The GBI file, released Tuesday, shows co-workers found six boxes of unprocessed paperwork in director Richard Wheat’s office over spring break, and even more files in his car. Wheat’s boss called the GBI in after subordinates confirmed the backlog of paperwork in his office. Wheat (right) was fired April 30.
The backed-up paperwork included three boxes of unanswered requests for name changes on birth certificates, the GBI’s report shows. Wheat promised a week before his vacation to catch up on the paperwork, but “he had not even scratched the surface” by the time he left town.
While Wheat was away, public health director Dr. Sandra Ford sent staffers to search his office and found even more disturbing documents – unprotected Witness Protection files for about 15 people in the federal program.

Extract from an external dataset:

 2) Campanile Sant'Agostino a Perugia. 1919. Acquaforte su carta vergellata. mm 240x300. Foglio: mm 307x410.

The files had been moved from another supervisor’s office two years earlier, after the state had stopped handling Witness Protection cases. “Wheat said he would find out what to do with the files and handle them appropriately, but he never did,” the GBI report said.

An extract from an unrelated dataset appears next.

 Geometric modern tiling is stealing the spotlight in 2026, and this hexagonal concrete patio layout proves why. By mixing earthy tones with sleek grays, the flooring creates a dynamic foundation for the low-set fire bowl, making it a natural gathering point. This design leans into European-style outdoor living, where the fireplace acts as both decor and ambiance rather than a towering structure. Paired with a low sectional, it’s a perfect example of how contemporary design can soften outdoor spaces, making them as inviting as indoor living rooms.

The files are now at the U.S. Marshal’s Office, which told investigators it did not believe any witness’s identity had been compromised.

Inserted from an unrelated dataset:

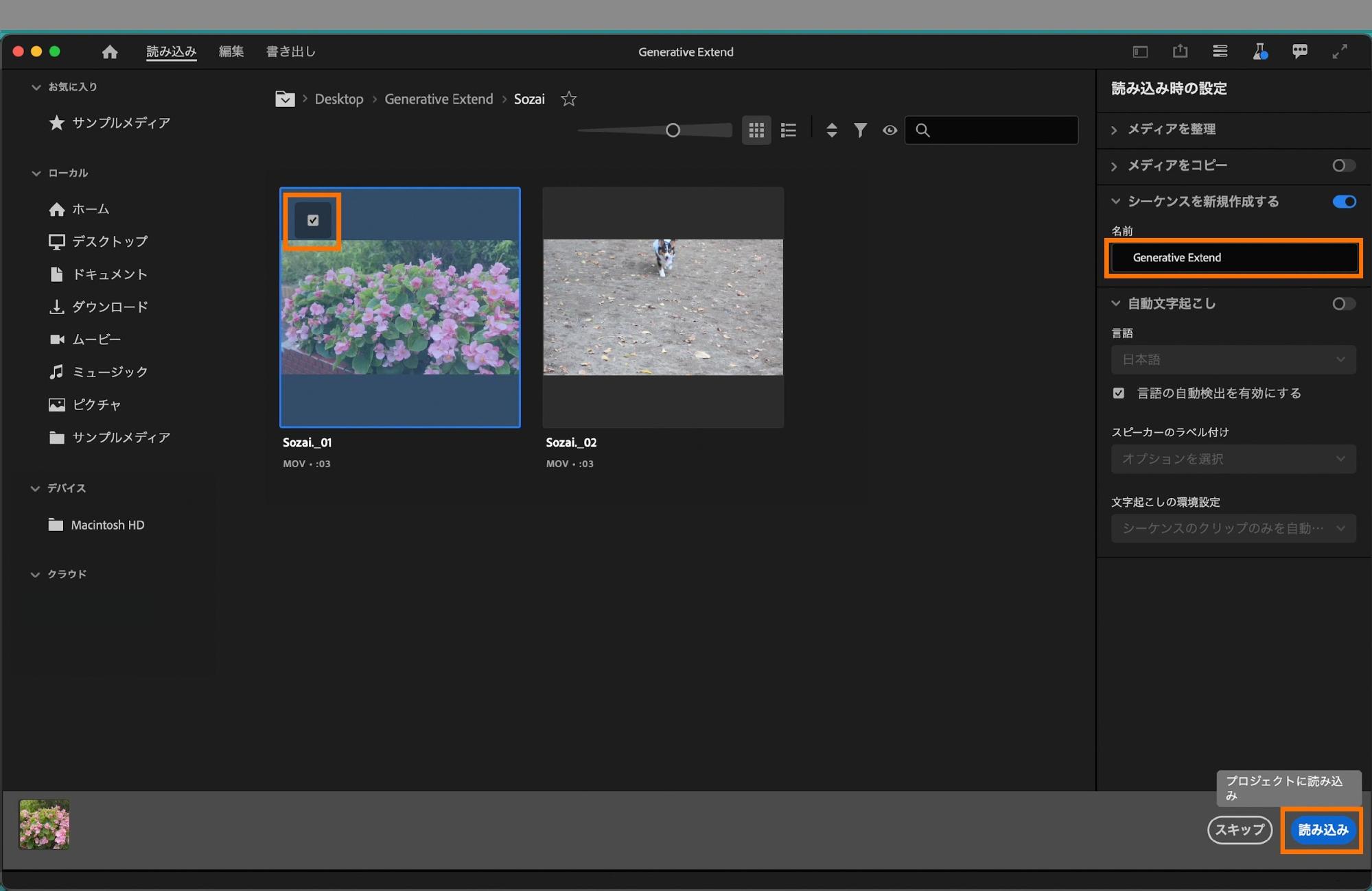 プロジェクトの新規作成画面が表示されたら、シーケンス名を「Generative Extend」に変更し、「ローカル」の欄から事前にダウンロードした素材を選んでチェックボックスにチェックを入れて右下の「読み込み」を選択します。

Wheat’s deputy, Romeo Stockett, told the GBI the office had a big problem with case files stopping at the director’s office: “They would just pile up.” Wheat’s secretary said he had never given her a document to file in his two years on the job.
Stockett also told investigators that the office under Wheat had followed a “five-year rule” that allowed people to change their names or alter birth certificates without a court order. The rule allowed such changes for people who could provide supporting records from an employer or doctor.
Stockett told GBI investigators that he believed his boss “was in way over his head” — because Wheat had told him so. “Wheat never thought he would even get this job in the first place,” the investigative report says.
Wheat was hired in 2006 from Michigan, where he was a vital records manager for the state.
On his return from vacation April 13, Wheat was suspended with pay. He acknowledged to investigators “that he did not get rid of items very easily. He advised that he was trying to clean up piles of paper on his desk and he was sure that there were some original birth records that were left on his desk.”
In the clutter, investigators said, co-workers found old checks “that were so old they could not be cashed.”
Wheat insisted, however, that a name change still required a court order on his watch. But, the report said, “he could not say for sure” that documents had not been issued under the five-year rule without a court’s permission.
Wheat insisted he had never changed any records for money and had never been asked to. The GBI agreed, determining Wheat had no criminal intent to break the law.
“Stockett advised that Richard Wheat was really a nice guy,” the report said.